Thank you so much for your wishes and prayers!!!! I think they really helped.
That was a long and scary few hours- esp when he doc told me she was concerned to see so much blood. But the most wonderful news is that baby is ok- perfect heart rate, size and baby was moving all around for us to see. The lab tech (everyone at the hospital in fact) was so wonderful. I'd been crying before going down to radiology for the scan- and he knew how anxious and nervous my OH and I were- so after lots of checking and scanning (felt like forever but was prob 10-15 min) he said that he's not the doc so he's not supposed to tell us anything but that the bleeding was from a sub chorionic hematoma so everything is ok. Then he did some more scans of the baby so i could see and even took some 3D scans of the baby and gave them to us. Doc said that they will just need to monitor to keep an eye on things but that right now this is all ok.
Exhausted and utterly grateful, relieved and happy.
How do you explain the chaos of a hormonal meltdown to a man? He seems to think I would still possess presence of mind enough to tell him what he should do to help me.
I don't even know what would help me.
He then launched into a 10 min condescending lecture that if I'm aware that it's night or that I prefer to be sitting vs standing then I must be aware enough to know what I want because I made choices to sit or stand in a certain place. (Actual conversation).
Prior to this wisdom.... he was upset that I was crying and couldn't tell him what I needed or wanted which made me worse because I felt like a failure for not knowing the answer to simple questions. He got more upset and started to cry himself, dropped to his knees and begged me to tell him what to do.... so that set me off more.

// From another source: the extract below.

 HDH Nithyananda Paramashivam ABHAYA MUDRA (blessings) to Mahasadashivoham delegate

Now not only do I have to calm myself down but him as well?!?! Good grief. He eventually told me he doesn't want us to scream and yell all the time (which we don't...first melt down in a few days actually.... there was no yelling after my chat with him about the drinking) so he wants peace and quiet was the moral of his story..... he gets silent treatment instead.

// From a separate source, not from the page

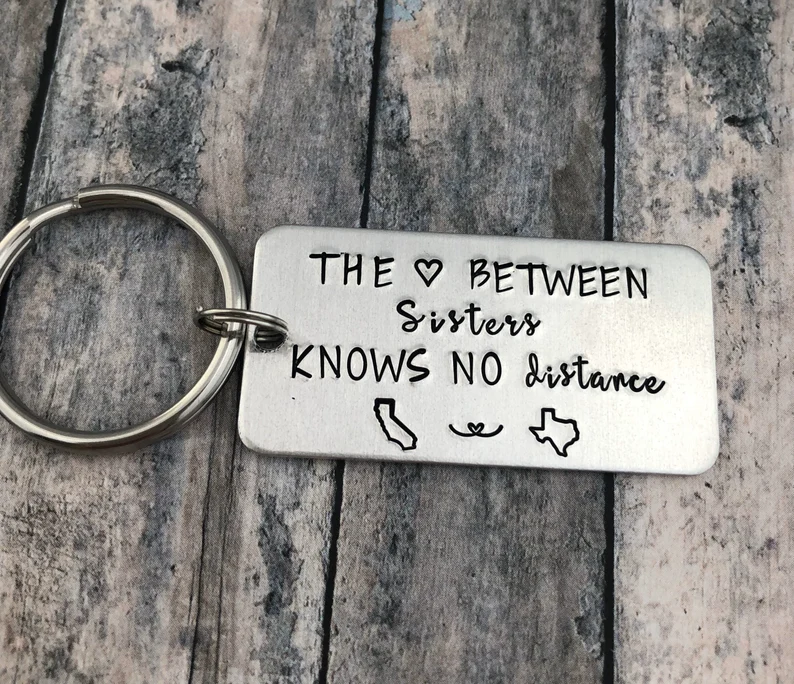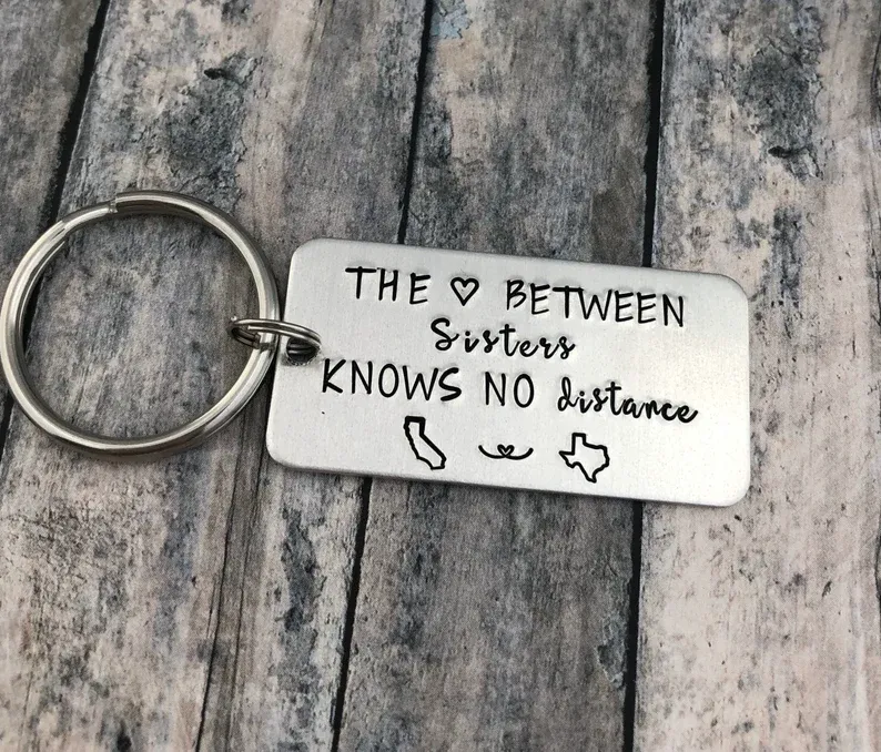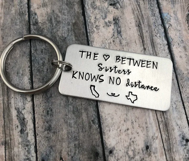 "The Love Between Us Knows No Distance" keychain is the gift idea for your loved ones for their Birthday, Graduation, Anniversary, Valentine's Day, Christmas, Thanksgiving, etc.! The keychain will be with them side by side, wherever they go so they can feel that you are always there for them. It is useful and practical but also is able to convey the meaning of your love.

Mature I know. But I'll lose it if I try and talk to him right now.
Yeah. Men suck.
He's 7 years older than me and I'm 30. I feel like he's 15 some days.
JJ I don't think they ever grow up.
PS sorry for the Debbie Downer me lately. I'm hungry but no appetite to eat. I have cravings for impossible things at impossible times. When I finally did eat today I lost it soon afterwards. I hope that isn't something that keeps up. My blood sugar would be so low if it weren't for the popsicles that stay down. I just want to eat normally again. I hope that happens soon. What worked yesterday won't work today... what I could tolerate stops being tolerable. I'm to the point where I eat according to what won't be so bad to be sick with. I don't throw it all up so I'm grateful for that but I know I'm not eating enough out of fear of losing it. Which is almost as bad. *sigh*
My healthy, amazing little one~ 12w 6d. I got the best present I could ever have yesterday when I found out she/he is ok.
Happy holidays to all of you!!!!!!!!!!
My healthy, amazing little one~ 12w 6d. I got the best present I could ever have yesterday when I found out she/he is ok.
Happy holidays to all of you!!!!!!!!!!
Awww he looks like he is flexing his muscles! So cute!
Congrats!
On a side note- Is anyone else having problems fitting in their undies? Mine are beginning to pinch.